# Grinder for shop grinding



## Guy Levine (Aug 20, 2019)

Can anyone recommend a grinder that would be good for grinding for beans orders rather than making drinks there and then. Ideally looking for something used.

Sent from my iPhone using Tapatalk


----------



## BlackCatCoffee (Apr 11, 2017)

Used Ditting would be the best choice or if duties are relatively light then a Eureka Drogheria MCD4 will do the job.


----------



## Guy Levine (Aug 20, 2019)

It's been a while since I posted. I think I might just get an ek43s and then use it for my own pour over too.


----------



## Northern_Monkey (Sep 11, 2018)

@GuyLevine - What size bags are you looking at in terms of orders wholesale/retail?

I've got an EK43S and could fit 250-500 underneath it but would struggle with 1-2kg sized. Great grinder though, I think the EK43 gets more use as a general shop/bag grinder but is mahoosive.


----------



## Guy Levine (Aug 20, 2019)

Hi.
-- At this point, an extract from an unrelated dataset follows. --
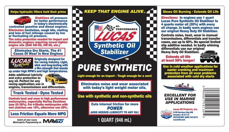 Lucas Oil 10130-Synthetic Oil Stabilizer - 1 Quart (Pack Of 12)

Just 250g bags for retail. It seems like overkill for the amount I grind but always wanted one as so iconic. And they seem to hold resale really well.


----------



## The Systemic Kid (Nov 23, 2012)

Original tall EK43 was designed at a bag grinder - to take 1kg bags


----------



## Northern_Monkey (Sep 11, 2018)

Then that should do you nicely. Agree they hold their value pretty decently overall.

I struggled to decide on the new "coffee burrs" or Turkish (partly as I was faffed about by the retailer a bit) both can do pour over but the espresso range on the "coffee burrs" is pretty narrow. After some good advice on/off the forum I went with Turkish in the end, 16 on the dial is just about French press and normally use 4-1.5 for espresso. Works nicely for my v60s as well.

Were you thinking of getting the brew focused "coffee burrs" if you get one, as I'm guessing most don't buy pre-ground espresso?


----------



## Guy Levine (Aug 20, 2019)

I use a niche zero with my decent espresso which seems perfect for espresso at home so was just planning on getting the normal burrs. Tbh - at the moment I just sell one kind of ground - but I think most of my customers online will be buying for french press.


----------



## Northern_Monkey (Sep 11, 2018)

Coffee burrs make more sense then as the Turkish might not go coarse enough for you, especially as the Niche is working well.


----------



## Guy Levine (Aug 20, 2019)

Thanks. Will let you know. I was also thinking if it's a bit short I can make a base without a cutout to raise it a bit.


----------